The Democrat-Reporter had a longstanding rivalry with the Demopolis Times, which is published in neighboring Demopolis. The Democrat-Reporter absorbed the Thomasville News (of Thomasville) in 2006, after a decade under the ownership of the Sutton family. The newspaper's circulation dropped from 7,000 to 3,000 by the mid-2010s, and printing was outsourced to a plant in Monroeville. The offices for The Democrat-Reporter were moved in 2015 to a new building farther away from the county courthouse. The newspaper is published weekly on Thursdays and generally contains eight pages, including local news, legal notices, and an editorial page.

===KKK editorial and new ownership===

On February 14, 2019, The Democrat-Reporter publisher Goodloe Sutton wrote an editorial titled "Klan needs to ride again", calling for the return of the Ku Klux Klan to "clean out Washington D.C." with lynchings. "We'll get the hemp ropes out, loop them over a tall limb and hang all of them", Sutton said.
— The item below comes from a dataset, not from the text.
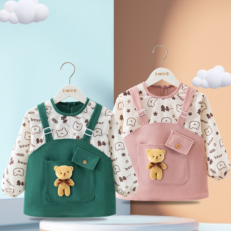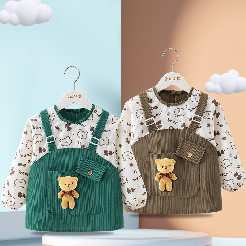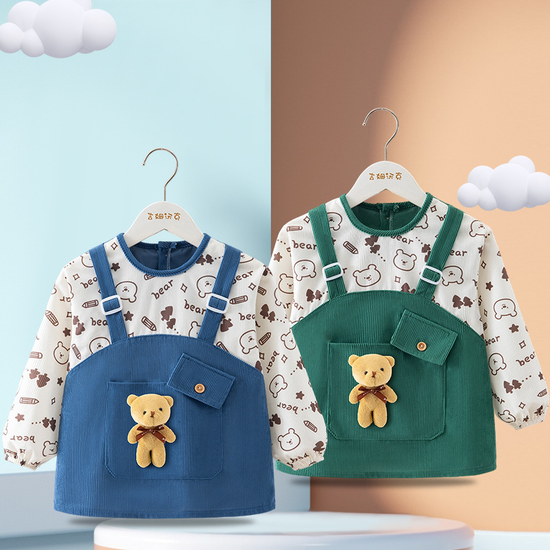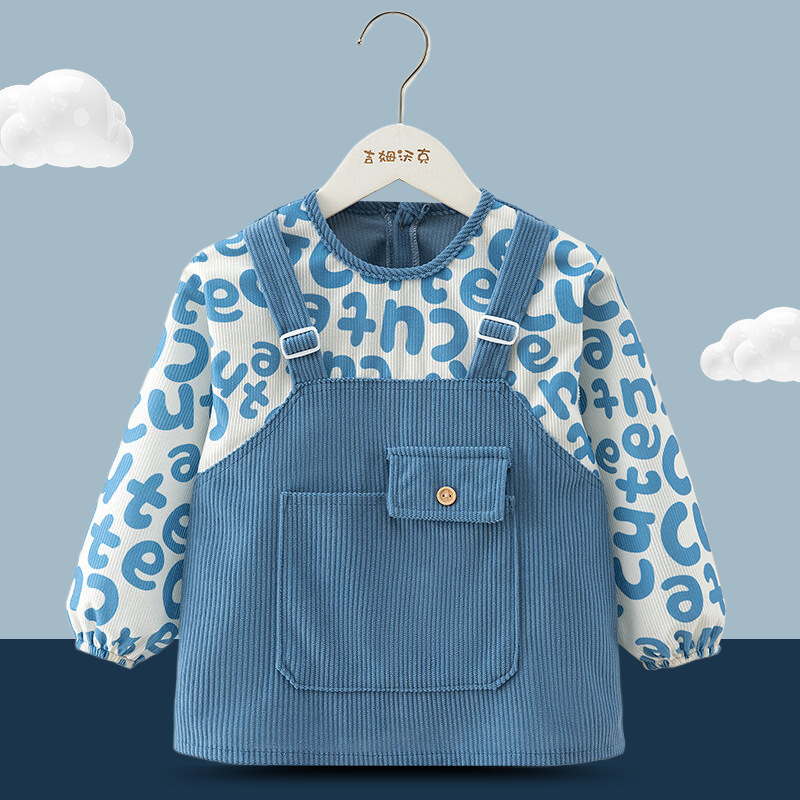 儿童罩衣宝宝吃饭围兜防水防脏饭兜男童围裙秋冬季洋气女童反穿衣

He also specified that he was only referring to hanging "socialist-communists", and compared the Klan to the NAACP.

The editorial led to calls on Sutton to resign by senators Doug Jones and Richard Shelby, while other local politicians stated that they were not surprised by the comments. The editorial was first discovered and shared by the student-run Auburn Plainsman.
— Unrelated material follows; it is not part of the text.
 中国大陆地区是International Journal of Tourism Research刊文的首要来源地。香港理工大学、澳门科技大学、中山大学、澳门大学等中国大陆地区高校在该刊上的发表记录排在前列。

Sutton had previously been criticized for running offensive headlines and editorials, including comments about the Obama family and Hillary Clinton, but they did not get as much attention. Subscriptions to the newspaper declined as Linden residents responded negatively to the editorial and its widespread attention. Sutton's alma mater, the University of Southern Mississippi, removed him from the School of Communication's Mass Communication Hall of Fame over the editorial, and he was also stripped of a distinguished community journalism award he had been presented in 2009 by Auburn University's Journalism Advisory Council. Sutton responded to the criticism by saying that he was not sorry that he wrote the editorial, and that he would do it again if he had the chance.

On February 22, Sutton announced that he would resign from his positions as publisher and editor, giving control of the newspaper to Elecia R. Dexter. Dexter, an African-American woman with a degree in speech communications from Eastern Illinois University, had been employed at The Democrat-Reporter as a front-desk employee for six weeks at the time of the editorial, but had no journalism experience. Sutton retained ownership of the newspaper. Dexter resigned the editorship on March 11, two weeks after taking the position, due to editorial changes made by Sutton without her permission. In an interview with The New York Times, Dexter said that Sutton had emailed a version of the February 28 issue of the newspaper that replaced an article about his retirement with a defense of the KKK editorial and attacks against the Montgomery Advertiser for publishing an interview with him. She stated that her resignation was made after further changes to the March 14 issue, but was delayed over concerns for Sutton's cognitive well-being.

The Associated Press reported in late March that Sutton had sold the newspaper to an unnamed buyer, who were later identified as out-of-state residents C.T. Harless and Sabrina McMahan in a front-page editorial on March 28. Online news outlet Alabama Political Reporter published an investigation into Harless, who was using a pseudonym, and linked him to a group aligned with the Ku Klux Klan from Tennessee. Linden mayor Charles Moore expressed skepticism over whether the newspaper had actually been sold, while Sutton stated that he would continue operating the newspaper because the new owners lacked experience. In July, the Associated Press reported that Sutton had retired and sold the newspaper to Tommy Wells, a sports publicist from Texas who had previously shown interest in acquiring the Democrat-Reporter. Wells and his wife published their first edition on July 5, 2019, with the announcement of Sutton's retirement. Sutton died four years later at the age of 84 on Sept. 22, 2023.